__DIRECTIONS__
The reply should reproduce every line of the data below word for word, minus any images.

__DATA PROVIDED__
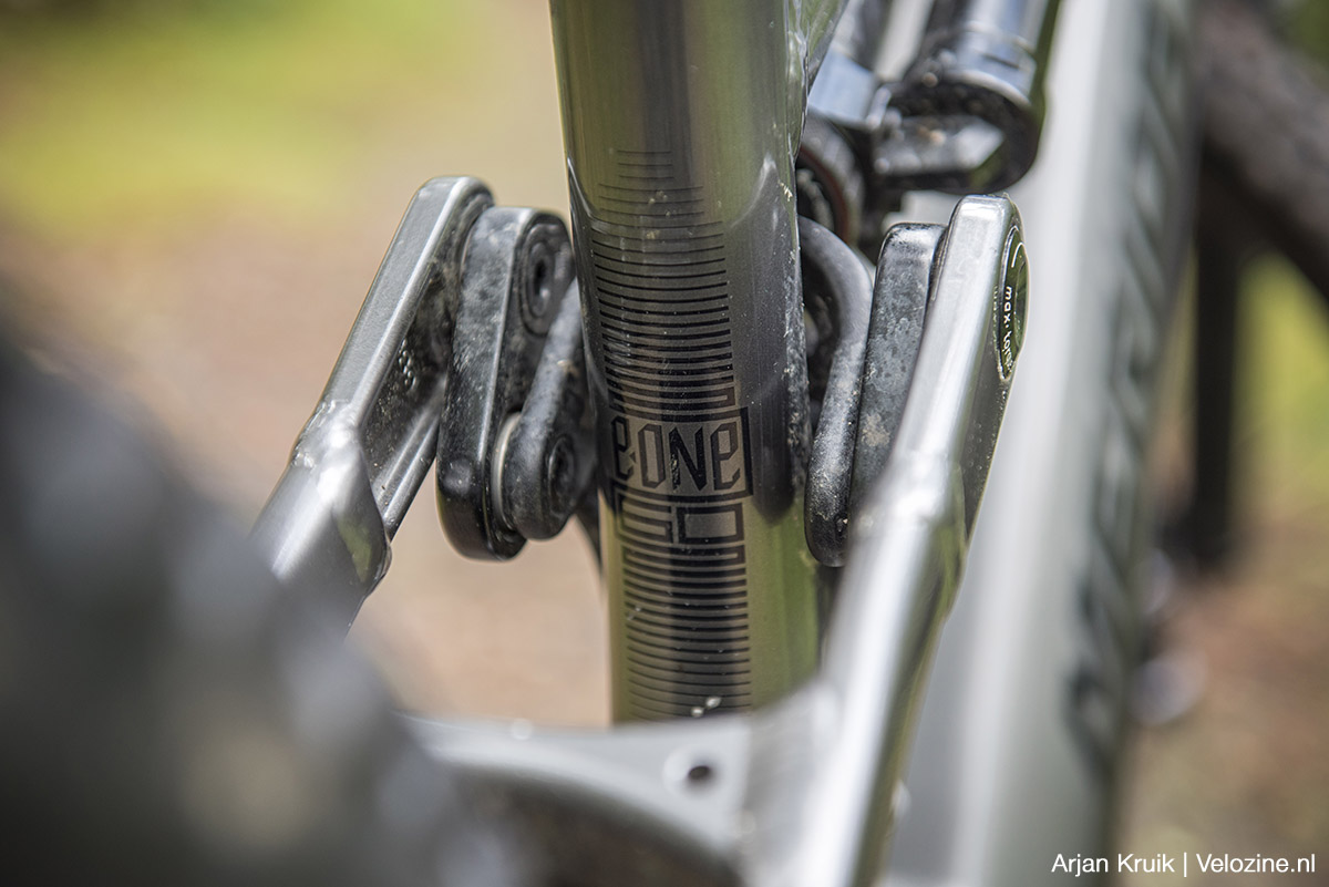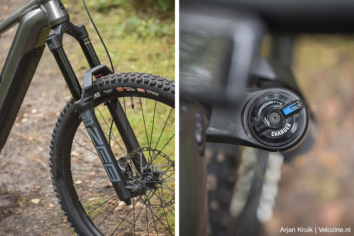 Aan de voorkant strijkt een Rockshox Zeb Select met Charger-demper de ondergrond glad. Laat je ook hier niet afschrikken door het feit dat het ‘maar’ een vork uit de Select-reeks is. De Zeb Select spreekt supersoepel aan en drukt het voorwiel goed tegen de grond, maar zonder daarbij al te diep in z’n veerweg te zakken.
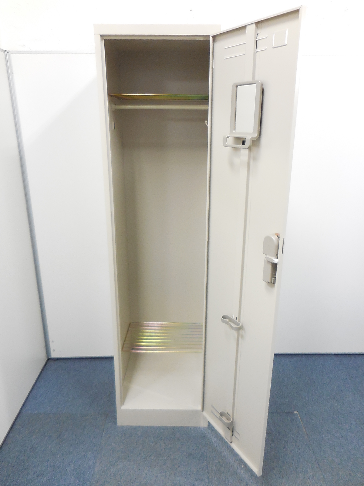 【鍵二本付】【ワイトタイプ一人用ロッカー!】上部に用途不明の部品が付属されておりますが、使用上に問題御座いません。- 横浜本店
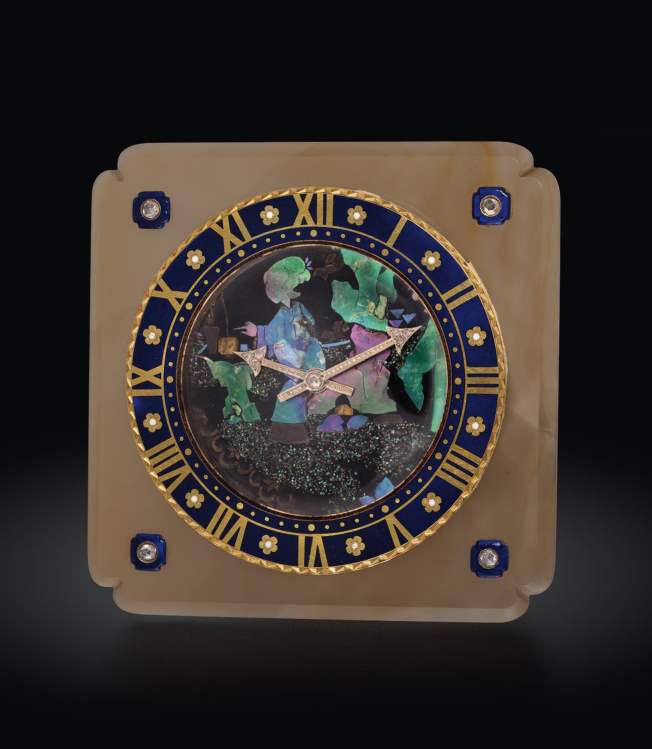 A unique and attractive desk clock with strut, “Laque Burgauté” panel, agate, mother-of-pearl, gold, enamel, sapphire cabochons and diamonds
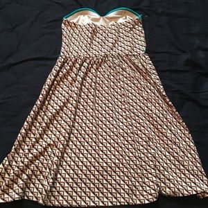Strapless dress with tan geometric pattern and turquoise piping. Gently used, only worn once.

__SOLUTION TO THE EXERCISE__
 Aan de voorkant strijkt een Rockshox Zeb Select met Charger-demper de ondergrond glad. Laat je ook hier niet afschrikken door het feit dat het ‘maar’ een vork uit de Select-reeks is. De Zeb Select spreekt supersoepel aan en drukt het voorwiel goed tegen de grond, maar zonder daarbij al te diep in z’n veerweg te zakken.
 【鍵二本付】【ワイトタイプ一人用ロッカー!】上部に用途不明の部品が付属されておりますが、使用上に問題御座いません。- 横浜本店
 A unique and attractive desk clock with strut, “Laque Burgauté” panel, agate, mother-of-pearl, gold, enamel, sapphire cabochons and diamonds
Strapless dress with tan geometric pattern and turquoise piping. Gently used, only worn once.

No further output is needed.